Initially, the British authorities were unaware of the exact cause behind their soldiers’ disappearances in the forest. However, it soon became clear that Bandhu Singh was behind these acts of rebellion. Despite exhaustive searches, the British struggled to capture him due to his mastery of guerrilla tactics.
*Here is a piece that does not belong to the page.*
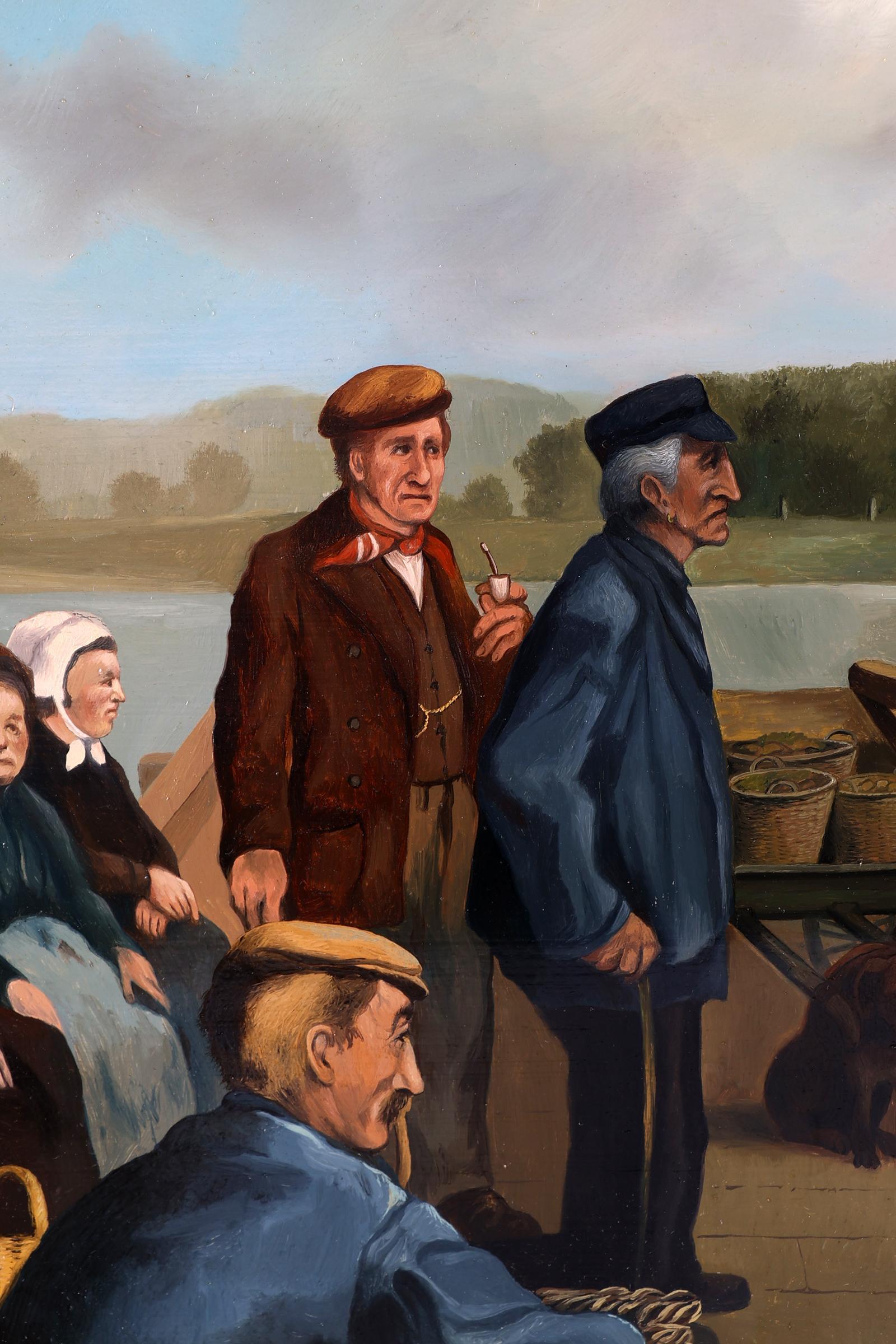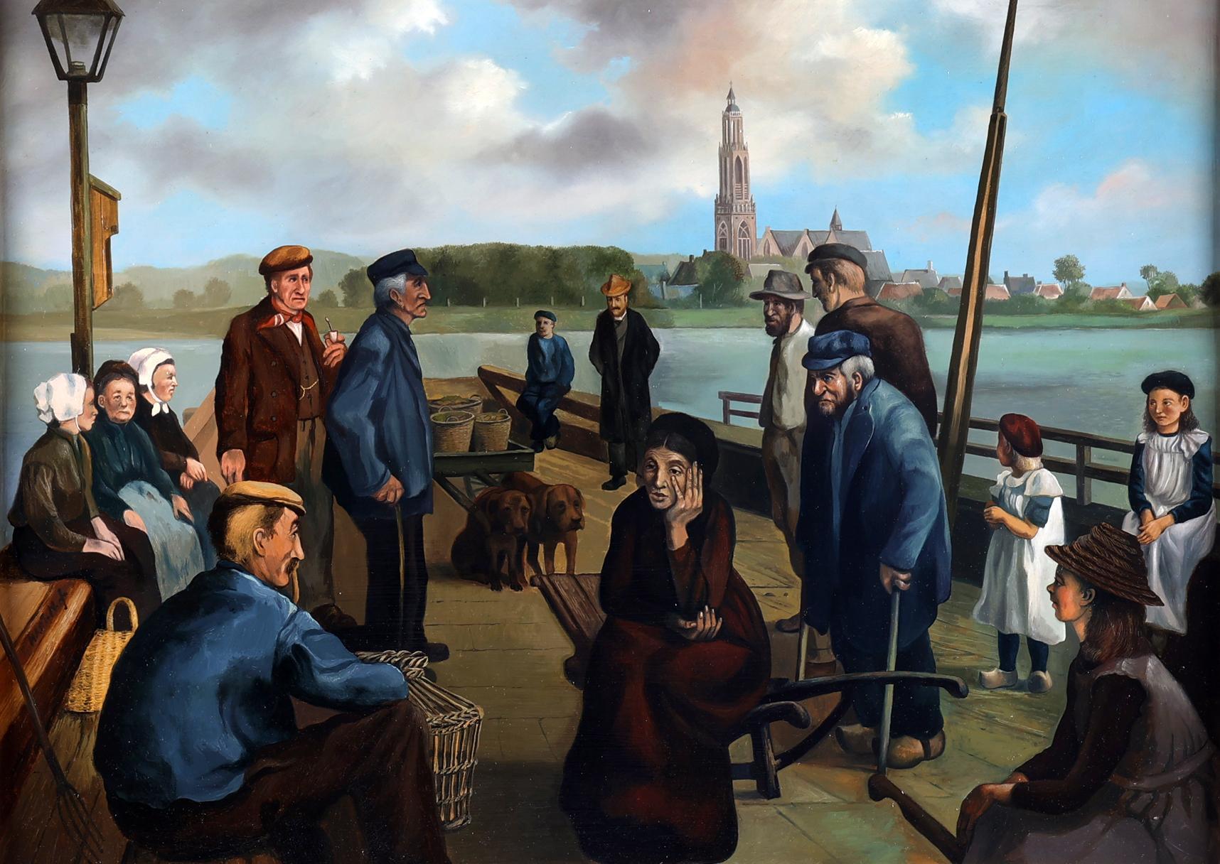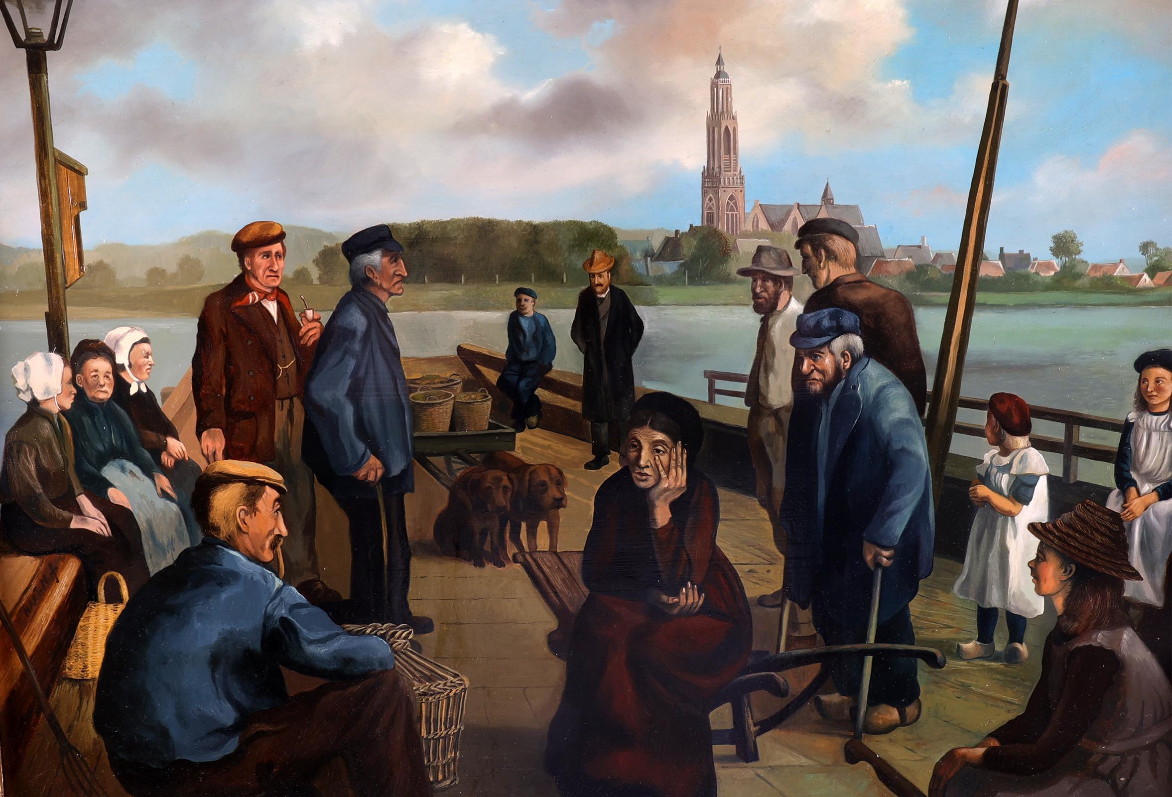 E. Hart, Personen op de pont, olieverf op paneel, 55 x 40 cm.

His fierce demeanour alarmed the British, prompting them to dispatch forces from Banaras. The British set up their camp near Dumri village, but upon learning this, the local villagers raided and seized their weapons and ammunition. Enraged by this, the British set Dumri Khas village on fire, forcing the villagers to flee. Eventually, Surat Singh’s (Father of Sundar Singh Majithia) betrayal led to Singh’s arrest. In exchange Surat was awarded a pension of ₹4,800 per annum, and awarded a jagir in the Dumri Riyasath, Gorakhpur by the british government.

==Execution==

Bandhu Singh was sentenced to death by public hanging. The execution took place on August 12, 1858, at Ali Nagar Square in Gorakhpur. According to local lore, the British failed to hang him successfully six times. Bandhu Singh then invoked Tarkulha Devi in meditation and vowed for her blessing to face his fate. On the seventh attempt, the execution was successful, an act believed to have been sanctioned by the goddess herself.

==Memorials==

Over time, after independence, the memory of the martyr Bandhu Singh began to fade. However, his direct descendant, Senior Leader Late Shri Vinay Kumar Singh “Binnu”, established a committee Shaheed Bandhu Singh Smarak Samiti to ensure that his name was recorded in history. After Vinay Kumar Singh’s death, his younger brother, Shri Ajay Kumar Singh “Tappu”, continues the work of keeping Bandhu Singh’s legacy alive. To honour the sacrifice and valour of Shaheed Bandhu Singh, a memorial stands at the site of his martyrdom and in the grounds of Tarkulaha Devi temple as well (Shaheed Bandhu Singh Smarak). Today, the committee oversees several institutions and landmarks named in Bandhu Singh’s honour, including Shaheed Bandhu Singh PG College, Shaheed Bandhu Singh Girls’ Hostel, Shaheed Bandhu Singh Park, Shaheed Bandhu Singh Stadium, Shaheed Bandhu Singh Kisan Sewa Kendra, and various other facilities that commemorate his sacrifice and keep his memory alive. His story continues to inspire generations, symbolising resistance, bravery, and unwavering devotion to the cause of freedom.